A festa dos moleiros

A festa dos moleiros
Fotografias: Lino Ramos e Tiago Canoso

Da porta espiamos o segredo. Há carros desmontados e outros quase prontos, pedaços de papel, plástico e madeira pelo chão, o barulho da rebarbadora a cortar o ferro ecoa no pavilhão dos sonhos. Está quase tudo parado. Daqui a duas horas, quando os voluntários chegarem do trabalho, vai ser uma azáfama até à meia-noite. Estamos no coração das Cavalhadas de Vildemoinhos, uma das festas de São João mais antigas do país e a mais icónica da região de Viseu.

É desta pequena localidade, mesmo à porta da cidade de Viriato, que há mais de 360 anos sai o cortejo, antigamente com animais e carroças engalanadas, hoje com carros alegóricos, grupos de bombos, cabeçudos, gigantones, fanfarras, bandas e ranchos folclóricos. No dia 24 de junho, Viseu enche-se de turistas, pessoas da terra e de fora concentram-se no Rossio para ver o corso, que este ano vai abrir com uma charanga da GNR composta por 30 cavalos.

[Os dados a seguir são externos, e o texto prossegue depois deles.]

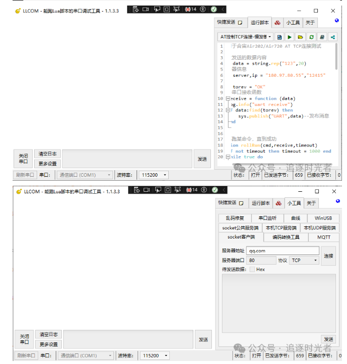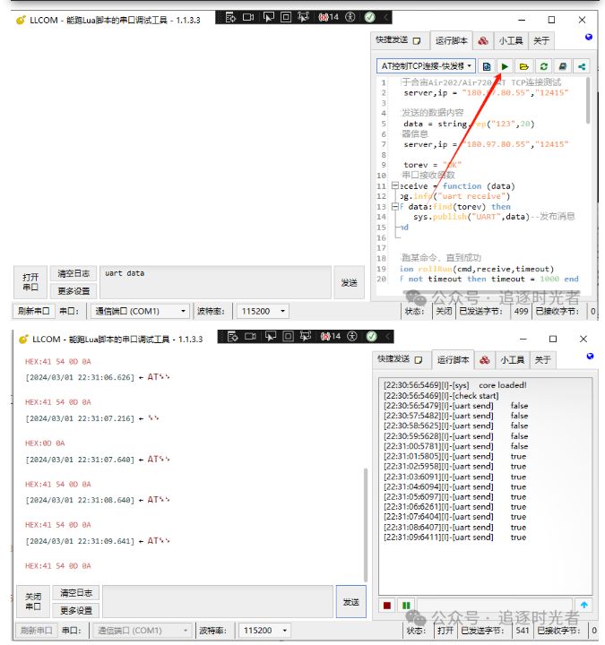 右侧的Lua脚本调试区域,可直接运行你写的串口测试脚本,如软件自带的:

Tudo começou em 1652, quando alguns agricultores de Vildemoinhos construíram represas no rio Pavia de modo a aumentarem a quantidade de água para as suas terras. Os moinhos pararam e os moleiros saíram à rua em protesto, queixaram-se que os lavradores lhes roubavam a água, ao que estes responderam precisar dela para regar as novidades. Houve tumultos e greves, mas as autoridades não se atreveram a decidir por qualquer dos lados.

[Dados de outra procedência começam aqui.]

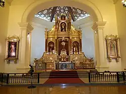 From 1812 to 1835 Filipino secular priests served as acting pastors of Pila due to a shortage of Franciscan priests.[2] These include Fray Lorenzo Samaniego (1812–1816); Pedro de los Santos (1816–1819); Pedro Alcántara (1819–1826); and Rudecindo Aquino (1826–1835).[4] The present church and convent was built in 1849 by Antonio Argobejo and Domingo de Valencia.[7] Both structure were badly damaged during the 1880 earthquake, in which the bell tower toppled. The bell tower was reconstructed by Damaso Bolanos and finished by Francisco de Santa Olalia, and again rebuilt by Lope Toledo.[9] The present rectory or convent (casa parroquial) is made of stone, constructed under the direction of Benito del Quintanar in the 1840s.[6]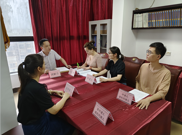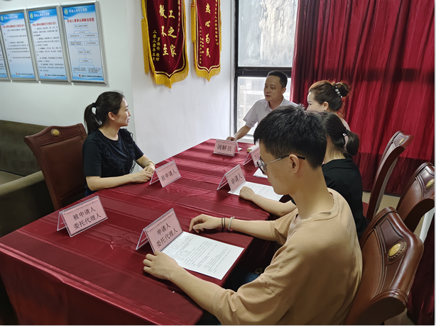 2022年7月7日,勞動(dòng)爭(zhēng)議調(diào)解委員會(huì)組織員工和企業(yè)代表正在做調(diào)解工作,維護(hù)勞動(dòng)者合法權(quán)益,建立和諧勞資關(guān)系。

Na noite de São João, os homens e mulheres da Broa Trambela reuniram-se de madrugada com gente da cidade no Terreiro do Maçorim – hoje Rossio – e dirigiram-se à capela de São João da Cerreira, onde ferverosamente rezaram ao santo, pedindo água para o Pavia. Repetiram-se os motins, policiou-se a estrada de Vildemoinhos. Não houve milagres e os moleiros foram rio acima e destruíram os açudes.

Os agricultores reclamaram ao juiz do povo, os interpelados responderam que não faltava fruta ou hortaliça na cidade, ao passo que o pão era caro e escasso. Seguiu-se o recurso para as autoridades de Lisboa, que deram razão aos moleiros. Para celebrar, vestiram os seus melhores fatos, enfeitaram os burros e cavalos e na noite de 23 para 24 de junho de 1653 foram em alegre galopada agradecer ao Santo Precursor. Atrás deles iam os serviçais, armados com sacholas, alavancas e roçadoiras, não fosse o diabo tecê-las. Em São João da Carreira dançaram, cantaram e louvaram.